How useful are sanctions, really?
The question may appear trite, but once you start probing it seriously, you will find that few people in the West seem to know the answer, much less care about what it is. Sanctions can—and often do—go from being targeted and limited in scope to simply being maintained for their own sake like a self-licking ice-cream cone. The paradigm of economic sanctions barely needs any justification, even as the years drag on and proof of efficacy remains elusive.
In his recent book The Economic Weapon: The Rise of Sanctions as a Tool of Modern War, historian Nicholas Mulder lays out the sordid history of sanctions as a weapon of open warfare, with most of it focused on the period just before and between the two world wars.
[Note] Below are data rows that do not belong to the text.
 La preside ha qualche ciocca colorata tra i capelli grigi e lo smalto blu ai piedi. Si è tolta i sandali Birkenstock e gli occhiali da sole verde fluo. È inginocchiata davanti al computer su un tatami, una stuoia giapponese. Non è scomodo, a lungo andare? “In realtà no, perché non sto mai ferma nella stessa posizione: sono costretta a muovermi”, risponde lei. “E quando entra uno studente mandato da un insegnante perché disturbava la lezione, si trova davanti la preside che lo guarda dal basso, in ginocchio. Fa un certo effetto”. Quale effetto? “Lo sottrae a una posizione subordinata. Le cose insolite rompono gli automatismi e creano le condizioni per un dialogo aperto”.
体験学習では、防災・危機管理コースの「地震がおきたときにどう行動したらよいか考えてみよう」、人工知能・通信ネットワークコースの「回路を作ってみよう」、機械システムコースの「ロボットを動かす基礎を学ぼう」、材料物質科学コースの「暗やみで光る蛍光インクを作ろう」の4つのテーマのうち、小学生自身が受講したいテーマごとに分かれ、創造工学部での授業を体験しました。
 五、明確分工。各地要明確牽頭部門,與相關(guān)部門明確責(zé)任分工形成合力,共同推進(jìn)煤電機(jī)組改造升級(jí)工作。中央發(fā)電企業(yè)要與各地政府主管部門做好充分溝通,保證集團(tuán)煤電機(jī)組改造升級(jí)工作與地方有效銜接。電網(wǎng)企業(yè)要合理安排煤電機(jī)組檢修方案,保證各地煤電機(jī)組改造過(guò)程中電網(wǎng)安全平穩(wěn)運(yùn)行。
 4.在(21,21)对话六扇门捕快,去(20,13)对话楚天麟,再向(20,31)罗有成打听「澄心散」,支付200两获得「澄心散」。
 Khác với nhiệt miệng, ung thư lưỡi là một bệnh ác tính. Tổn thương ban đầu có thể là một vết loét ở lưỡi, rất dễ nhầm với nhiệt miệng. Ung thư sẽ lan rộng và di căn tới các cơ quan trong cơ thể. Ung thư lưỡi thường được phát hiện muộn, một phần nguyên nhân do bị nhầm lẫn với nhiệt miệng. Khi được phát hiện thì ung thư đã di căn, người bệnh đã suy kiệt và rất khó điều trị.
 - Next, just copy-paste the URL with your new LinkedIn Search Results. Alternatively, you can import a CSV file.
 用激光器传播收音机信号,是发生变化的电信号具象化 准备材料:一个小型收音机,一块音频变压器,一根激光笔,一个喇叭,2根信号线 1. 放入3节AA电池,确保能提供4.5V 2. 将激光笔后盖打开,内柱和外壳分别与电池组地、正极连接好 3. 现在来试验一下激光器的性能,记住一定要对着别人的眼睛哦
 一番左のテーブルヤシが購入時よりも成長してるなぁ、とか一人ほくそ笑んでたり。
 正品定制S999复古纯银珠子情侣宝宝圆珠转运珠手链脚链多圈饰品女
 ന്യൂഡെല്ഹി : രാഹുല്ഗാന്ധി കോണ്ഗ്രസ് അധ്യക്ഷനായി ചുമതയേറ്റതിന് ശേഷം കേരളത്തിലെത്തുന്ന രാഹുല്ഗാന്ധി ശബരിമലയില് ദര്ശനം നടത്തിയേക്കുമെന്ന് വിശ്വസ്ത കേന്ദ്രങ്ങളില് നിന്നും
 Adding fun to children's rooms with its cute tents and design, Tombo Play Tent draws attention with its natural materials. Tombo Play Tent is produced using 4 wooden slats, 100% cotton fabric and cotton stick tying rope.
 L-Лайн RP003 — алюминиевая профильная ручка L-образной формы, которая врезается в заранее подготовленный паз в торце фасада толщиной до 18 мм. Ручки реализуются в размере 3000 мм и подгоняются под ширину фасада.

The upshot is that the League of Nations’ declaration of a sanctions policy after the Great War and use of the “economic weapon” in the interwar years may have sped up the outbreak of World War II, by impelling the Axis powers to act fast to avoid financial pain. The prospect of sanctions, Mulder also suggests, hardened the Axis’ economic defenses, pushing Germany and Japan to become more self-reliant economically.
Does this history have something to teach us today? Neither imperial Britain nor imperial Japan lived in a unipolar world, and their tools of (economic) warfare were developed and deployed in a time when the enemy was usually of peer strength. Today’s US-led sanctions regime reflect the confidence of the 1990s—when Russia was in a state of collapse and China wasn’t economically important. Yet as time passes, cracks are beginning to appear in the world system that the West has come to rely upon, making the interwar comparison rather more salient.